Data records:

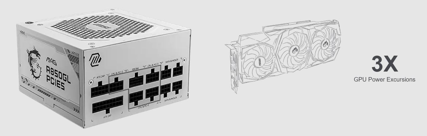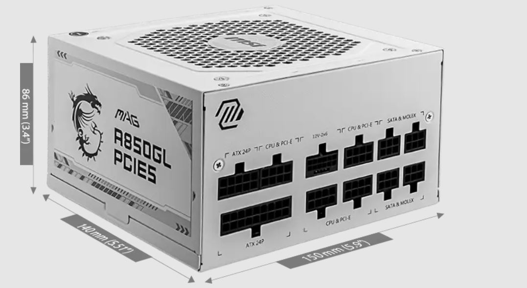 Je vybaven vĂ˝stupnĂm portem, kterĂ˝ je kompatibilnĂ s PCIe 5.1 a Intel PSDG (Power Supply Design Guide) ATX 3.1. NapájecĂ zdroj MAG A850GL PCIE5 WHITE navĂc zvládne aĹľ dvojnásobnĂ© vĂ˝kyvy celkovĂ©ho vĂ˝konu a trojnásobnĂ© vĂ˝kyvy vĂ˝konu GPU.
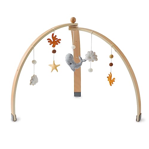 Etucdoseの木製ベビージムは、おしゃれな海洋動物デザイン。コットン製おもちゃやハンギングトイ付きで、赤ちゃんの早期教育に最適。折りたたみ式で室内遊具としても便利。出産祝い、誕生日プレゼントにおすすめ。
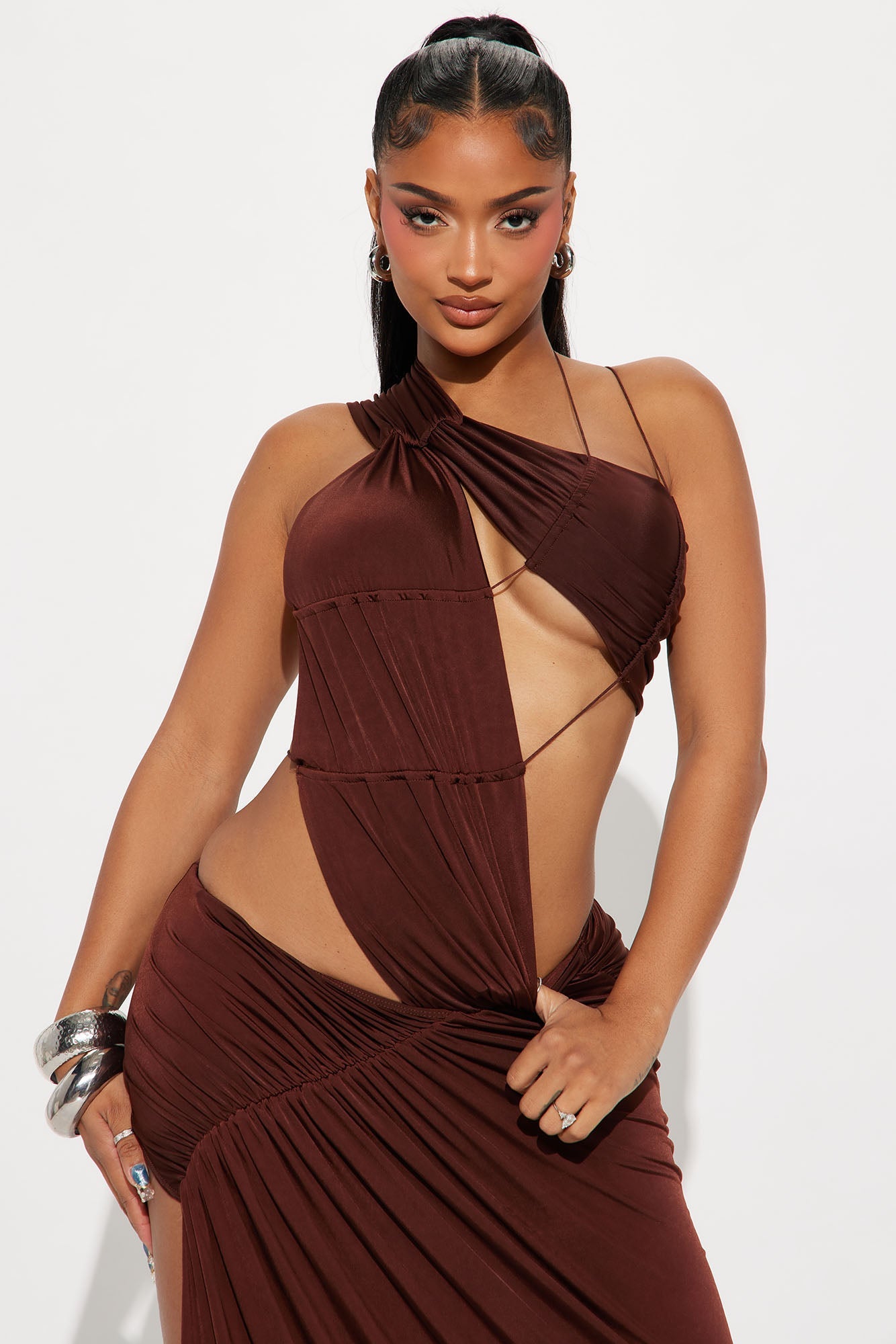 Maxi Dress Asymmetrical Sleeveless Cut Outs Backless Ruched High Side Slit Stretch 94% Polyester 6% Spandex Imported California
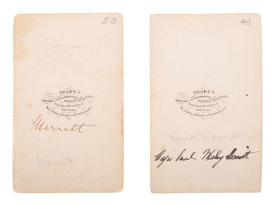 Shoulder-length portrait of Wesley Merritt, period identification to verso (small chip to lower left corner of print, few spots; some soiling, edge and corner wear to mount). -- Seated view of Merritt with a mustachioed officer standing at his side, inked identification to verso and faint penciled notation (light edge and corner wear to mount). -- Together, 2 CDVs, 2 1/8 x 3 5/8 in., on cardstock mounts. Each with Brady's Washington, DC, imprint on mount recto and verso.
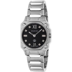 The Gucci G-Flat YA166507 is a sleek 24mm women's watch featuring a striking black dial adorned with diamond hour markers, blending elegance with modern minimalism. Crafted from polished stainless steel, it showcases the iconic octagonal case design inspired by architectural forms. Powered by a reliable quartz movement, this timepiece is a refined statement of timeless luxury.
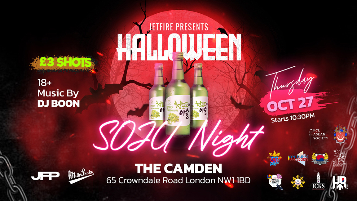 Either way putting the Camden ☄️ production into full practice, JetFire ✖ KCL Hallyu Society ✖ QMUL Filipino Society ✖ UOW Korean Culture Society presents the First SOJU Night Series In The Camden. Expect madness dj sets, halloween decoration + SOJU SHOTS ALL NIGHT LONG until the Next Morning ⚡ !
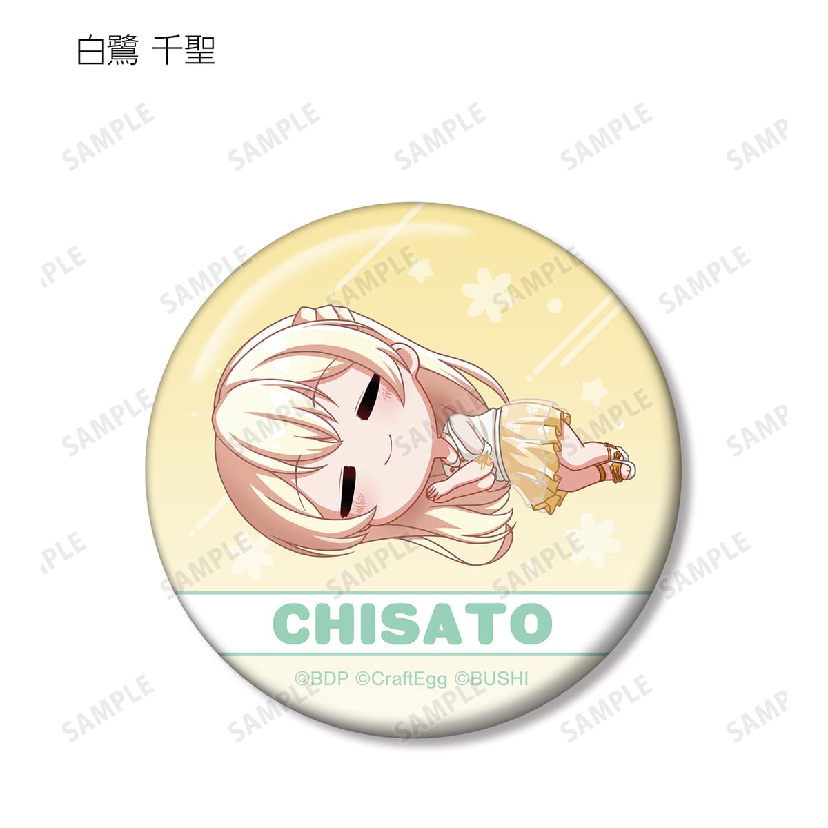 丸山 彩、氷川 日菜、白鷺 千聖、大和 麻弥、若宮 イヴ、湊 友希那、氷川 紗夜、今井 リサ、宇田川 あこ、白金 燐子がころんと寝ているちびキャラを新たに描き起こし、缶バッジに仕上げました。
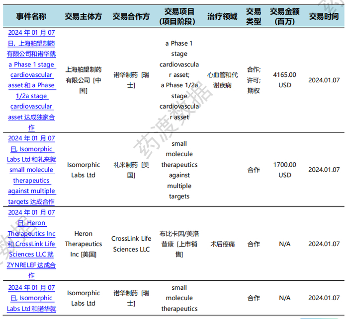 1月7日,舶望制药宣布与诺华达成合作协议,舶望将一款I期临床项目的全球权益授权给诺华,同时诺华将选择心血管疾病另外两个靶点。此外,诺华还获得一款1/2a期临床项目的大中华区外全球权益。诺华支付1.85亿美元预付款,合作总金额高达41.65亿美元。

* _What is expected_:
Where pictures sit among the data above, omit them, and output the rest exactly.

* _Answer box_:
 Je vybaven vĂ˝stupnĂm portem, kterĂ˝ je kompatibilnĂ s PCIe 5.1 a Intel PSDG (Power Supply Design Guide) ATX 3.1. NapájecĂ zdroj MAG A850GL PCIE5 WHITE navĂc zvládne aĹľ dvojnásobnĂ© vĂ˝kyvy celkovĂ©ho vĂ˝konu a trojnásobnĂ© vĂ˝kyvy vĂ˝konu GPU.
 Etucdoseの木製ベビージムは、おしゃれな海洋動物デザイン。コットン製おもちゃやハンギングトイ付きで、赤ちゃんの早期教育に最適。折りたたみ式で室内遊具としても便利。出産祝い、誕生日プレゼントにおすすめ。
 Maxi Dress Asymmetrical Sleeveless Cut Outs Backless Ruched High Side Slit Stretch 94% Polyester 6% Spandex Imported California
 Shoulder-length portrait of Wesley Merritt, period identification to verso (small chip to lower left corner of print, few spots; some soiling, edge and corner wear to mount). -- Seated view of Merritt with a mustachioed officer standing at his side, inked identification to verso and faint penciled notation (light edge and corner wear to mount). -- Together, 2 CDVs, 2 1/8 x 3 5/8 in., on cardstock mounts. Each with Brady's Washington, DC, imprint on mount recto and verso.
 The Gucci G-Flat YA166507 is a sleek 24mm women's watch featuring a striking black dial adorned with diamond hour markers, blending elegance with modern minimalism. Crafted from polished stainless steel, it showcases the iconic octagonal case design inspired by architectural forms. Powered by a reliable quartz movement, this timepiece is a refined statement of timeless luxury.
 Either way putting the Camden ☄️ production into full practice, JetFire ✖ KCL Hallyu Society ✖ QMUL Filipino Society ✖ UOW Korean Culture Society presents the First SOJU Night Series In The Camden. Expect madness dj sets, halloween decoration + SOJU SHOTS ALL NIGHT LONG until the Next Morning ⚡ !
 丸山 彩、氷川 日菜、白鷺 千聖、大和 麻弥、若宮 イヴ、湊 友希那、氷川 紗夜、今井 リサ、宇田川 あこ、白金 燐子がころんと寝ているちびキャラを新たに描き起こし、缶バッジに仕上げました。
 1月7日,舶望制药宣布与诺华达成合作协议,舶望将一款I期临床项目的全球权益授权给诺华,同时诺华将选择心血管疾病另外两个靶点。此外,诺华还获得一款1/2a期临床项目的大中华区外全球权益。诺华支付1.85亿美元预付款,合作总金额高达41.65亿美元。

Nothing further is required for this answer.